RILDSON RABELO VASCONCELOS Prefeito Municipal
ANEXO X (PARTE INTEGRANTE DO DECRETO MUNICIPAL No 037, DE 23 DE AGOSTO DE 2024). BENS DE CONSUMO COMUM E DE LUXO
CAPÍTULO I
DISPOSIÇÕES PRELIMINARES E ESPECÍFICAS
SEÇÃO I Objeto e âmbito de aplicação
Art. 1º Os bens de consumo adquiridos para suprir as demandas das estruturas da Administração Pública municipal direta, autárquica e fundacional deverão ser de qualidade comum, não superior à necessária para cumprir as finalidades a que se destinam, vedada a aquisição de bem de categoria de luxo. Parágrafo único. Considera-se bem de consumo todo material que atenda a, pelo menos, um dos critérios a seguir: I - durabilidade: quando em uso normal, perde ou tem reduzidas suas condições de funcionamento no prazo máximo de 2 (dois) anos; II - fragilidade: possui estrutura sujeita a modificação, por ser quebradiço ou deformável, caracterizando-se pela irrecuperabilidade e/ou perda de sua identidade; III - perecibilidade: quando sujeito a modificações químicas ou físicas, deteriora-se ou perde suas características normais de uso; IV - incorporabilidade: destina-se à incorporação em outro bem, ainda que suas características originais sejam alteradas, de modo que sua retirada acarrete prejuízo à essência do bem principal; e V - transformabilidade: adquirido para fins de utilização como matéria-prima ou matéria intermediária para a geração de outro bem.
SEÇÃO II Definições
Art. 2º No enquadramento de bens de consumo, as seguintes definições serão consideradas: I - bem de categoria comum: aquele que detém baixa ou moderada elasticidade-renda de demanda, cujas características e qualidade são estritamente as suficientes e necessárias para o atendimento do interesse público; e II - bem de categoria de luxo: aquele que detém alta elasticidade- renda de demanda, cujas características e qualidade são superiores ao estritamente suficiente e necessário para o atendimento do interesse público, possuindo caráter de ostentação, opulência, forte apelo estético ou requinte e preço superior ao bem de categoria comum de mesma natureza. Parágrafo único. Considera-se elasticidade-renda de demanda a razão entre a variação percentual da qualidade demandada e a variação percentual da renda média dos consumidores.
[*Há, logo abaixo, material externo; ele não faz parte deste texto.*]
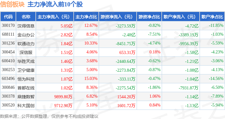 从资金流向上来看,当日信创板块主力资金净流出36.92亿元,游资资金净流入8.47亿元,散户资金净流入28.45亿元。信创板块个股资金流向见下表:
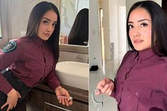 В руки коллег 20-летней Николь Габриэлы Верон попали видео, на которых она слишком раскованно ведет себя в полицейской форме. Например, в одном ролике она крутит перед камерой наручники, в другом — стоит перед зеркалом в одном боди, имитирующем униформу, и подтяжках, похожих на портупею.
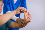 An Asian female nurse provides caring home care to an elderly woman, assisting with arm movement exercises, physical therapy,and rehabilitation to improve joint function, strength,overall well-being
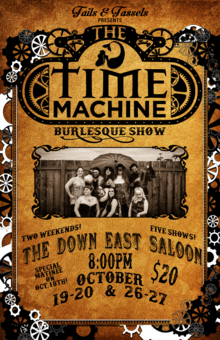 Tails & Tassels Burlesque is back with an all new exciting, steampunk time traveling play! Where fan favorite Captain Booty Snarl returns as the Doctor who has done it. He has invented the Time Machine. Join this brave crusader as he travels through time searching for Keystones of energy aka Fuel that will power his miraculous machine. Join us for a fully interactive Steampunk experience. Costume Contest on Saturday 27th of October.
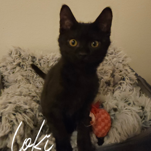 Loki is the typical playful kitten who loves to run and explore. He also has a sweet side where he loves to fall asleep on your lap.
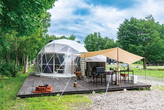 ビジネスキャンプ北海道の会場は、世界有数の観光地である北海道・ニセコの羊蹄山の麓に位置しています。夏でも爽やかな気候が特徴で、子どもたちはのびのびと活動でき、保護者の皆様は快適なひと時を過ごしていただけます。また、自然を楽しむ通常のテントに始まり、プロジェクター&エアコン付きのドームテント、専用サウナが付いた特殊なバンガローまで、高規格の設備が整っています。世界中の外国人観光客を唸らせるニセコの高級グランピング場を、贅沢に貸切にしました。

SEÇÃO III Classificação de artigo de luxo
Art. 3º Na classificação de um bem de consumo como de categoria de luxo, conforme o inciso II do art. 2º deste Anexo, o órgão ou a entidade deverá considerar: I - relatividade econômica: variáveis econômicas que incidem sobre o preço do artigo, especialmente: a) a facilidade ou a dificuldade logística regional ou local de acesso ao bem; e b) a oferta de bens com características similares que possam substituir o produto ou serviço, com desempenho, sabor ou funcionalidade que tornem a compra desnecessariamente onerosa ao erário; e II - relatividade temporal: mudança das variáveis mercadológicas do artigo ao longo do tempo, em razão de: a) evolução tecnológica; b) tendências sociais; c) alterações de disponibilidade no mercado; e d) modificações no processo de suprimento logístico. Parágrafo único. Não será enquadrado como bem de categoria de luxo aquele que, mesmo de acordo com o inciso II do caput do art. 2º deste Anexo: I - for adquirido a preço equivalente ou inferior ao preço do bem de categoria comum de mesma natureza; ou II - tenha as características superiores justificadas em face da estrita atividade do órgão ou da entidade.
SEÇÃO IV Economicidade nas contratações públicas
Art. 4º As contratações públicas são regidas pelo princípio da economicidade, conforme dispõe o art. 5º da Lei nº 14.133, de 1º de abril de 2021.
SEÇÃO IV Vedações
Art. 5º Fica vedada a inclusão de artigos de luxo no plano de contratações anual. § 1º Antecedendo a elaboração do plano de contratações anual, os setores de contratação dos órgãos e entidades deverão identificar eventuais artigos de luxo constantes dos documentos de formalização de demanda (DFD) de que trata o inciso VII do art. 12 da Lei nº 14.133/21.